[Stored dataset items]

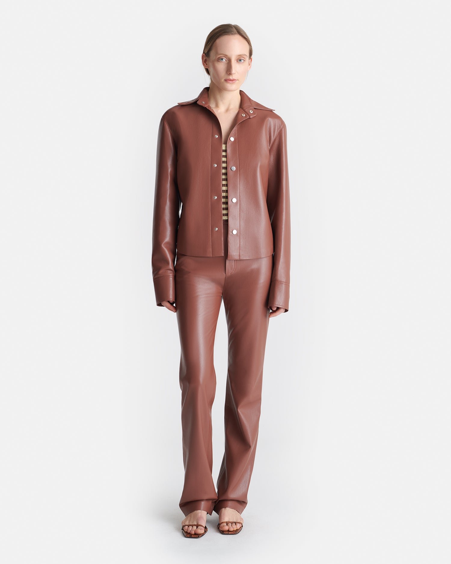 A Bogna ingkabát exkluzív OKOBOR™ műbőr anyagunkból készült, és új henna árnyalatban kapható a 2025-ös tavaszi/nyári kollekcióban. Karcsúsított szabása révén rétegezhető vagy önmagában is viselhető, és kizárólag ezüst színű szerelékekkel díszített.
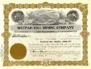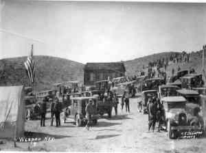 Meanwhile the great boom camp promoter George Graham Rice - promoter of Greenwater, Goldfield and Rawhide - was busy with legal matters in the East at this time (namely his prosecution for fraud). It is reported that Rice had interests in promoting Weepah, but by the time Rices resident agent arrived, the only real significant finds had already been worked out. And this was the crux of the matter. A large, shallow deposit had been discovered by two young prospectors working the area - ostensibly searching for the so-called lost Breyfogle mine. The problem was that this single find was the only real deposit of any real value in the area. The geology of the Weepah district suggests that there may be other pockets of rich ore at varying depths, but the patchy nature of the deposits and the technology of the time did not allow the district to develop any further. So Weepah lies fallow to this day. Typical of the era, mining stock promotion was rampant, and an example of a Weepah stock certificate is included above. The real lesson for researchers is that an estimated one thousand five hundred people camped out in their cars in a remote area of the Nevada desert between April, 1927 and November, 1927 - looking for their personal El Dorado. An El Dorado that never became a reality. (I have not included a modern photo here because only detritus remains.) [This essay is an original work of Steve Bruce ([email protected]) based on research according to publications by R. Greenwood and G.G. Rice. The photos displayed here are from old picture postcards and they are not subject to copyright restrictions] |
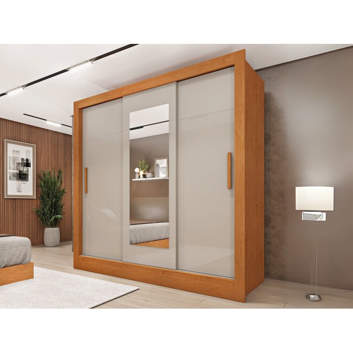 Guarda Roupa Valência com Espelho 3 Portas 4 Gavetas Tcil Móveis - Cinamomo/off White
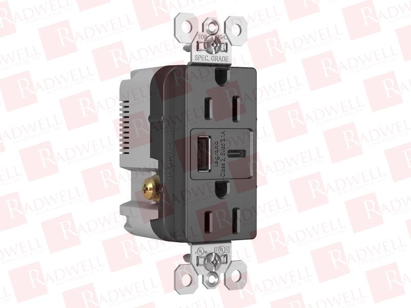 15A 125V DUPLEX TR RECEPTACLE + USB A USB C 3.1A BLACK
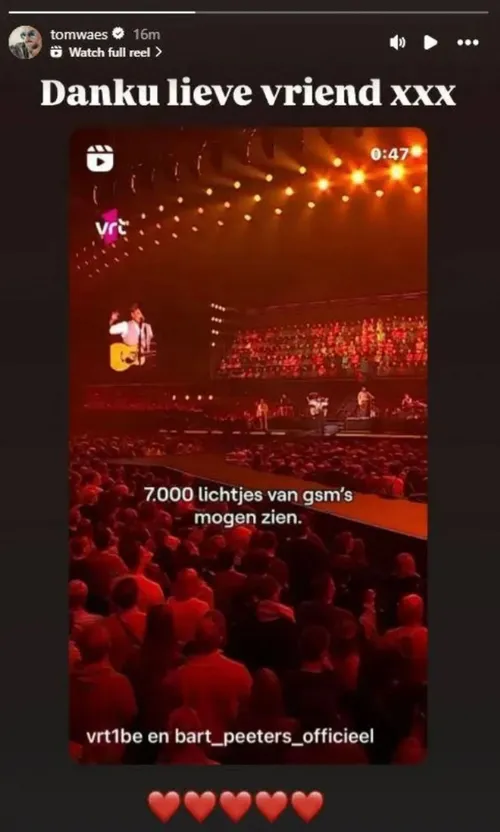 Peeters vroeg zijn publiek van 7000 mensen om Waes een spoedig herstel te wensen met verlichte telefoons. Waes deelde een video van het moment op Instagram en schreef: „Danku lieve vriend xxx”, gevolgd door rode hartjes.
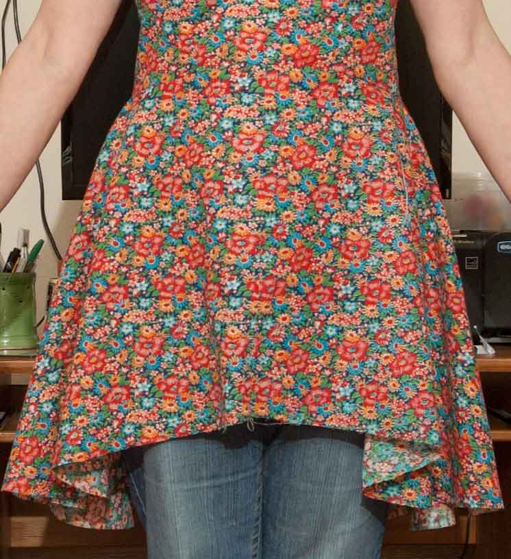 получилось не очень сладко - впереди складок, как и положено, получилось предостаточно, что и вышло в моём платье в горошек, а т.к. длина нижней окружности получилась за 2м, да ещё длина юбки 70 - бочонок скукошился:-)
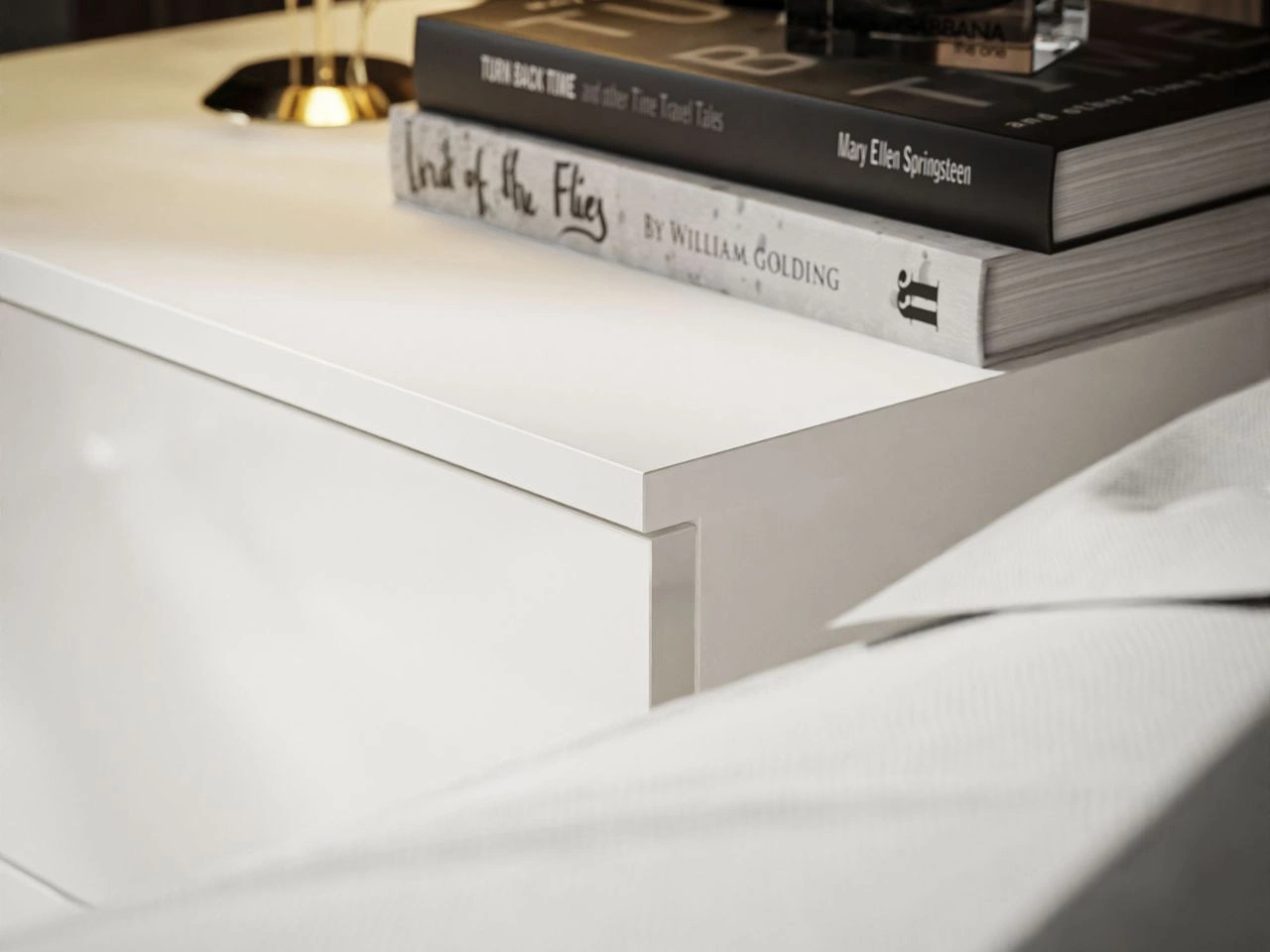 Suchen Sie nach einer praktischen und stilvollen Ergänzung für Ihr Schlafzimmer? Nachttisch Nuveo ist die ideale Lösung, die die Organisation erleichtert und die Raumgestaltung abrundet. Seine zeitgemäße Form und die Hochglanz-Ausführung vergrößern den Raum optisch und verleihen dem Ganzen Leichtigkeit sowie einen eleganten Charakter.

- What needs to be done
Give back, exactly and with nothing added, the lines from the line with "получилось не очень" through the final line of the data, both included; leave pictures out.

- Solution
 получилось не очень сладко - впереди складок, как и положено, получилось предостаточно, что и вышло в моём платье в горошек, а т.к. длина нижней окружности получилась за 2м, да ещё длина юбки 70 - бочонок скукошился:-)
 Suchen Sie nach einer praktischen und stilvollen Ergänzung für Ihr Schlafzimmer? Nachttisch Nuveo ist die ideale Lösung, die die Organisation erleichtert und die Raumgestaltung abrundet. Seine zeitgemäße Form und die Hochglanz-Ausführung vergrößern den Raum optisch und verleihen dem Ganzen Leichtigkeit sowie einen eleganten Charakter.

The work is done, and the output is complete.